▶ **Task to complete**: Would you write out the entries below word for word, omitting the pictures?
********
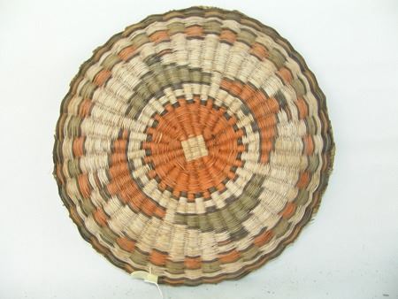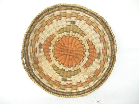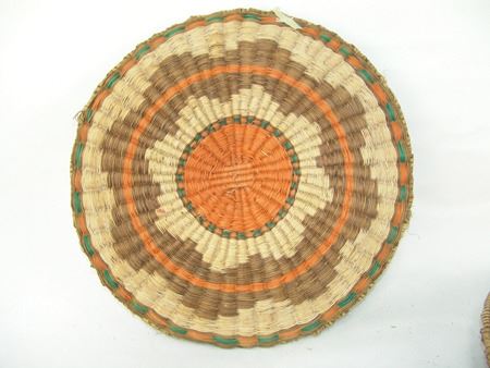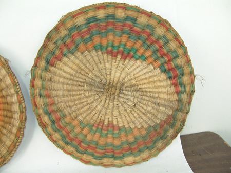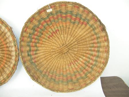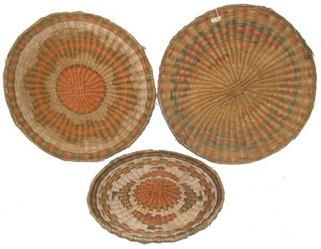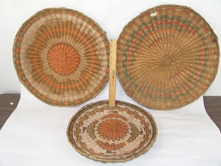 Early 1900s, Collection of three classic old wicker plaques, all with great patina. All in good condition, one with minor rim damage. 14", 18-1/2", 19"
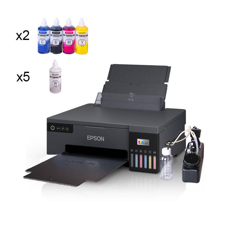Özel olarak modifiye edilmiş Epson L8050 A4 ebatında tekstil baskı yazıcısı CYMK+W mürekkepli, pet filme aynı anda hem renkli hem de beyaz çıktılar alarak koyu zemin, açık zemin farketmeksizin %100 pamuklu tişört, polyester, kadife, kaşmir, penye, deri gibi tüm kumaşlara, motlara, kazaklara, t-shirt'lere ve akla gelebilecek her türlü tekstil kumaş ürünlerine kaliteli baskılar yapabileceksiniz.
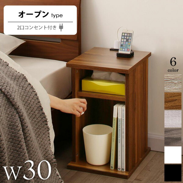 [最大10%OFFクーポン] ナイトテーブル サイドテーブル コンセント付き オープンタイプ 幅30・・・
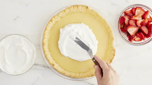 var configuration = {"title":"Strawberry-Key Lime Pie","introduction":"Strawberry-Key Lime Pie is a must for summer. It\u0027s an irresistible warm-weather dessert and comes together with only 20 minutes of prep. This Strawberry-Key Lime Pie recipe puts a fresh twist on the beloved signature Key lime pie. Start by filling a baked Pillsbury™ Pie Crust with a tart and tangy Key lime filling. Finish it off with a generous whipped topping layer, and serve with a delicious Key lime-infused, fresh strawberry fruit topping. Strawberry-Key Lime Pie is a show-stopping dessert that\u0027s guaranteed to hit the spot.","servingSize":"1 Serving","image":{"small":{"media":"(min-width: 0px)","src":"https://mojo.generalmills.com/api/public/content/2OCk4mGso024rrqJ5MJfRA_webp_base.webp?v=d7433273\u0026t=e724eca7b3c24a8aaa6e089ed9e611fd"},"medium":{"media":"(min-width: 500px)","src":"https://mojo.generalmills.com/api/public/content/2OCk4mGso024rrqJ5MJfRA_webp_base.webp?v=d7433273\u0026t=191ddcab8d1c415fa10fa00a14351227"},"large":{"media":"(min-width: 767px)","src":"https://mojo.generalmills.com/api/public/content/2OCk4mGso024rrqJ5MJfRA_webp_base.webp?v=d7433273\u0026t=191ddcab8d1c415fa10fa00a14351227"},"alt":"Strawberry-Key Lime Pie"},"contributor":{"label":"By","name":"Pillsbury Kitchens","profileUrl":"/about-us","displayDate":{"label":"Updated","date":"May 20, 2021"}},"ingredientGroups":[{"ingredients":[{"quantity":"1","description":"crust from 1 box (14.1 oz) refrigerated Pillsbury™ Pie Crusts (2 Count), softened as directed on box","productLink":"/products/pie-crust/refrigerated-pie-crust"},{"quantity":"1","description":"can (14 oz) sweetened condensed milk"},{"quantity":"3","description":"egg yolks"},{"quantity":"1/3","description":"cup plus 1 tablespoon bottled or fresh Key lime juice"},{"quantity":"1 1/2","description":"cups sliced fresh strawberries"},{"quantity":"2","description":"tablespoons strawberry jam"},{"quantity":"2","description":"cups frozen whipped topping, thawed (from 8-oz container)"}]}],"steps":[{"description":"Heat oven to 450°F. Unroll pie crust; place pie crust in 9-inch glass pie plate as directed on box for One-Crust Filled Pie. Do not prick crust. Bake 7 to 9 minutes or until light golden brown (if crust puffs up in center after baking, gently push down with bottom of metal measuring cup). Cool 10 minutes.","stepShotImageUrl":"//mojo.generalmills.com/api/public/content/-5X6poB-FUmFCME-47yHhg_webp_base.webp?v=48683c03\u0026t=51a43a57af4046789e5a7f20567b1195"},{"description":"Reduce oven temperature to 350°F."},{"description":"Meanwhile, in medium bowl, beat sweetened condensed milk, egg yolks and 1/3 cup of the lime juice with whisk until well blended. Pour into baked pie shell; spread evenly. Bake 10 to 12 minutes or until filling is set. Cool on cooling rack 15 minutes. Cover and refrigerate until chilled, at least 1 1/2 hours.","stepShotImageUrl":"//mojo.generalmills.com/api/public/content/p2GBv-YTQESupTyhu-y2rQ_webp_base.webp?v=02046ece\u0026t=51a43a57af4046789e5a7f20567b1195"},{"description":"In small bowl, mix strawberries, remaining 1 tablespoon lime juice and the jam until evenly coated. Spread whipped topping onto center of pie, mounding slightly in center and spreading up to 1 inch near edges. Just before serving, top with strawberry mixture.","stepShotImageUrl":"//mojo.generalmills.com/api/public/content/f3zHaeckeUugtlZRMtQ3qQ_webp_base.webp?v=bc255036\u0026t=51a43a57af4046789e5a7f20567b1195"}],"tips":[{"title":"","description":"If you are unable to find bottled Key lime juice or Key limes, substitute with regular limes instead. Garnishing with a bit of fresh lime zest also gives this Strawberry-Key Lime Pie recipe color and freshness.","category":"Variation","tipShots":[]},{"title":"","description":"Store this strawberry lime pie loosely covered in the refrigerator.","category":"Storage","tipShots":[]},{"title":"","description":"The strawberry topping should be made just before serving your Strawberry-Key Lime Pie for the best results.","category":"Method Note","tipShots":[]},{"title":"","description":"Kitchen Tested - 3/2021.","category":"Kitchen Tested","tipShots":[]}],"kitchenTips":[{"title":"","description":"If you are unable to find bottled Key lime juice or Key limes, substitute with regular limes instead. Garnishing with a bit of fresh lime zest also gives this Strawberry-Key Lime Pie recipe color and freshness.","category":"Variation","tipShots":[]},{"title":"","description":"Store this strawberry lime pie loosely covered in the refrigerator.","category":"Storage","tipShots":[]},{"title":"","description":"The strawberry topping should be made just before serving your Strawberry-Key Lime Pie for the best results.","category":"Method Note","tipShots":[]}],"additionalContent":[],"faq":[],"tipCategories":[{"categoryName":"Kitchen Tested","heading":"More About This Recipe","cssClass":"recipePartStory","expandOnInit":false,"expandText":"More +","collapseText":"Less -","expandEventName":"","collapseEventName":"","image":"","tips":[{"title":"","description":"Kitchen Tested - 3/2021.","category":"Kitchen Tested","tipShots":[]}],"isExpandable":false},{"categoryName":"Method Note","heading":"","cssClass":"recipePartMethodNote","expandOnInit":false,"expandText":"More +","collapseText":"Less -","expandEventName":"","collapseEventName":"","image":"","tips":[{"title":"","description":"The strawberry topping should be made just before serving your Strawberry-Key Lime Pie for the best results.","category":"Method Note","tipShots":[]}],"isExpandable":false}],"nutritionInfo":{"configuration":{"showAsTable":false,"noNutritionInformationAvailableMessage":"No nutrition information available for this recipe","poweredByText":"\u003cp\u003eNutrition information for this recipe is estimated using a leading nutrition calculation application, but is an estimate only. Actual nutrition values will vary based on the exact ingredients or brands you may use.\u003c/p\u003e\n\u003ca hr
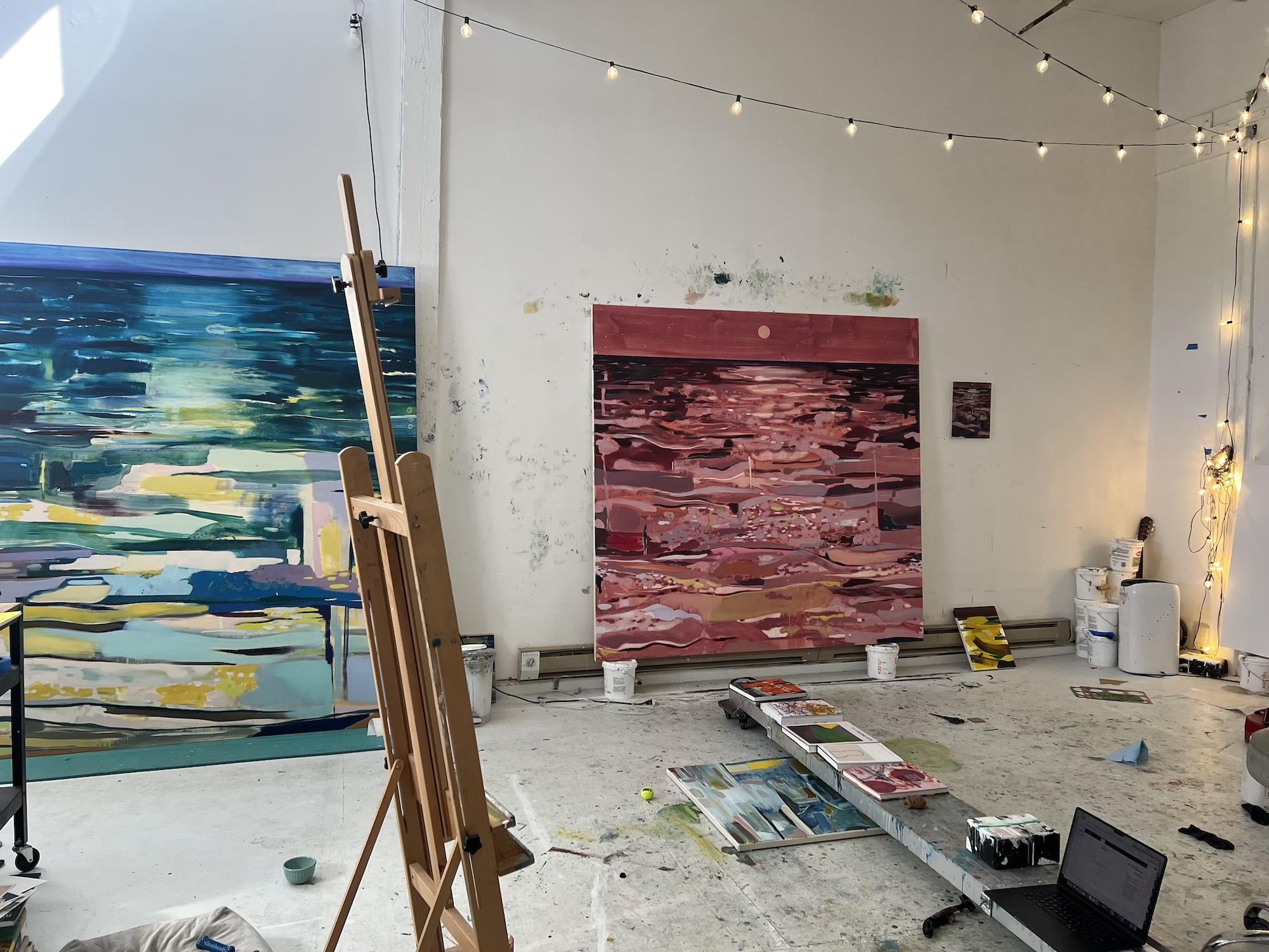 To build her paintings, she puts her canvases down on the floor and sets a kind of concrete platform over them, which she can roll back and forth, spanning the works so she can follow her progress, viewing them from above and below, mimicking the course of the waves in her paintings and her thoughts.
********
▶ **Problem solution**:
 Early 1900s, Collection of three classic old wicker plaques, all with great patina. All in good condition, one with minor rim damage. 14", 18-1/2", 19"
Özel olarak modifiye edilmiş Epson L8050 A4 ebatında tekstil baskı yazıcısı CYMK+W mürekkepli, pet filme aynı anda hem renkli hem de beyaz çıktılar alarak koyu zemin, açık zemin farketmeksizin %100 pamuklu tişört, polyester, kadife, kaşmir, penye, deri gibi tüm kumaşlara, motlara, kazaklara, t-shirt'lere ve akla gelebilecek her türlü tekstil kumaş ürünlerine kaliteli baskılar yapabileceksiniz.
 [最大10%OFFクーポン] ナイトテーブル サイドテーブル コンセント付き オープンタイプ 幅30・・・
 var configuration = {"title":"Strawberry-Key Lime Pie","introduction":"Strawberry-Key Lime Pie is a must for summer. It\u0027s an irresistible warm-weather dessert and comes together with only 20 minutes of prep. This Strawberry-Key Lime Pie recipe puts a fresh twist on the beloved signature Key lime pie. Start by filling a baked Pillsbury™ Pie Crust with a tart and tangy Key lime filling. Finish it off with a generous whipped topping layer, and serve with a delicious Key lime-infused, fresh strawberry fruit topping. Strawberry-Key Lime Pie is a show-stopping dessert that\u0027s guaranteed to hit the spot.","servingSize":"1 Serving","image":{"small":{"media":"(min-width: 0px)","src":"https://mojo.generalmills.com/api/public/content/2OCk4mGso024rrqJ5MJfRA_webp_base.webp?v=d7433273\u0026t=e724eca7b3c24a8aaa6e089ed9e611fd"},"medium":{"media":"(min-width: 500px)","src":"https://mojo.generalmills.com/api/public/content/2OCk4mGso024rrqJ5MJfRA_webp_base.webp?v=d7433273\u0026t=191ddcab8d1c415fa10fa00a14351227"},"large":{"media":"(min-width: 767px)","src":"https://mojo.generalmills.com/api/public/content/2OCk4mGso024rrqJ5MJfRA_webp_base.webp?v=d7433273\u0026t=191ddcab8d1c415fa10fa00a14351227"},"alt":"Strawberry-Key Lime Pie"},"contributor":{"label":"By","name":"Pillsbury Kitchens","profileUrl":"/about-us","displayDate":{"label":"Updated","date":"May 20, 2021"}},"ingredientGroups":[{"ingredients":[{"quantity":"1","description":"crust from 1 box (14.1 oz) refrigerated Pillsbury™ Pie Crusts (2 Count), softened as directed on box","productLink":"/products/pie-crust/refrigerated-pie-crust"},{"quantity":"1","description":"can (14 oz) sweetened condensed milk"},{"quantity":"3","description":"egg yolks"},{"quantity":"1/3","description":"cup plus 1 tablespoon bottled or fresh Key lime juice"},{"quantity":"1 1/2","description":"cups sliced fresh strawberries"},{"quantity":"2","description":"tablespoons strawberry jam"},{"quantity":"2","description":"cups frozen whipped topping, thawed (from 8-oz container)"}]}],"steps":[{"description":"Heat oven to 450°F. Unroll pie crust; place pie crust in 9-inch glass pie plate as directed on box for One-Crust Filled Pie. Do not prick crust. Bake 7 to 9 minutes or until light golden brown (if crust puffs up in center after baking, gently push down with bottom of metal measuring cup). Cool 10 minutes.","stepShotImageUrl":"//mojo.generalmills.com/api/public/content/-5X6poB-FUmFCME-47yHhg_webp_base.webp?v=48683c03\u0026t=51a43a57af4046789e5a7f20567b1195"},{"description":"Reduce oven temperature to 350°F."},{"description":"Meanwhile, in medium bowl, beat sweetened condensed milk, egg yolks and 1/3 cup of the lime juice with whisk until well blended. Pour into baked pie shell; spread evenly. Bake 10 to 12 minutes or until filling is set. Cool on cooling rack 15 minutes. Cover and refrigerate until chilled, at least 1 1/2 hours.","stepShotImageUrl":"//mojo.generalmills.com/api/public/content/p2GBv-YTQESupTyhu-y2rQ_webp_base.webp?v=02046ece\u0026t=51a43a57af4046789e5a7f20567b1195"},{"description":"In small bowl, mix strawberries, remaining 1 tablespoon lime juice and the jam until evenly coated. Spread whipped topping onto center of pie, mounding slightly in center and spreading up to 1 inch near edges. Just before serving, top with strawberry mixture.","stepShotImageUrl":"//mojo.generalmills.com/api/public/content/f3zHaeckeUugtlZRMtQ3qQ_webp_base.webp?v=bc255036\u0026t=51a43a57af4046789e5a7f20567b1195"}],"tips":[{"title":"","description":"If you are unable to find bottled Key lime juice or Key limes, substitute with regular limes instead. Garnishing with a bit of fresh lime zest also gives this Strawberry-Key Lime Pie recipe color and freshness.","category":"Variation","tipShots":[]},{"title":"","description":"Store this strawberry lime pie loosely covered in the refrigerator.","category":"Storage","tipShots":[]},{"title":"","description":"The strawberry topping should be made just before serving your Strawberry-Key Lime Pie for the best results.","category":"Method Note","tipShots":[]},{"title":"","description":"Kitchen Tested - 3/2021.","category":"Kitchen Tested","tipShots":[]}],"kitchenTips":[{"title":"","description":"If you are unable to find bottled Key lime juice or Key limes, substitute with regular limes instead. Garnishing with a bit of fresh lime zest also gives this Strawberry-Key Lime Pie recipe color and freshness.","category":"Variation","tipShots":[]},{"title":"","description":"Store this strawberry lime pie loosely covered in the refrigerator.","category":"Storage","tipShots":[]},{"title":"","description":"The strawberry topping should be made just before serving your Strawberry-Key Lime Pie for the best results.","category":"Method Note","tipShots":[]}],"additionalContent":[],"faq":[],"tipCategories":[{"categoryName":"Kitchen Tested","heading":"More About This Recipe","cssClass":"recipePartStory","expandOnInit":false,"expandText":"More +","collapseText":"Less -","expandEventName":"","collapseEventName":"","image":"","tips":[{"title":"","description":"Kitchen Tested - 3/2021.","category":"Kitchen Tested","tipShots":[]}],"isExpandable":false},{"categoryName":"Method Note","heading":"","cssClass":"recipePartMethodNote","expandOnInit":false,"expandText":"More +","collapseText":"Less -","expandEventName":"","collapseEventName":"","image":"","tips":[{"title":"","description":"The strawberry topping should be made just before serving your Strawberry-Key Lime Pie for the best results.","category":"Method Note","tipShots":[]}],"isExpandable":false}],"nutritionInfo":{"configuration":{"showAsTable":false,"noNutritionInformationAvailableMessage":"No nutrition information available for this recipe","poweredByText":"\u003cp\u003eNutrition information for this recipe is estimated using a leading nutrition calculation application, but is an estimate only. Actual nutrition values will vary based on the exact ingredients or brands you may use.\u003c/p\u003e\n\u003ca hr
 To build her paintings, she puts her canvases down on the floor and sets a kind of concrete platform over them, which she can roll back and forth, spanning the works so she can follow her progress, viewing them from above and below, mimicking the course of the waves in her paintings and her thoughts.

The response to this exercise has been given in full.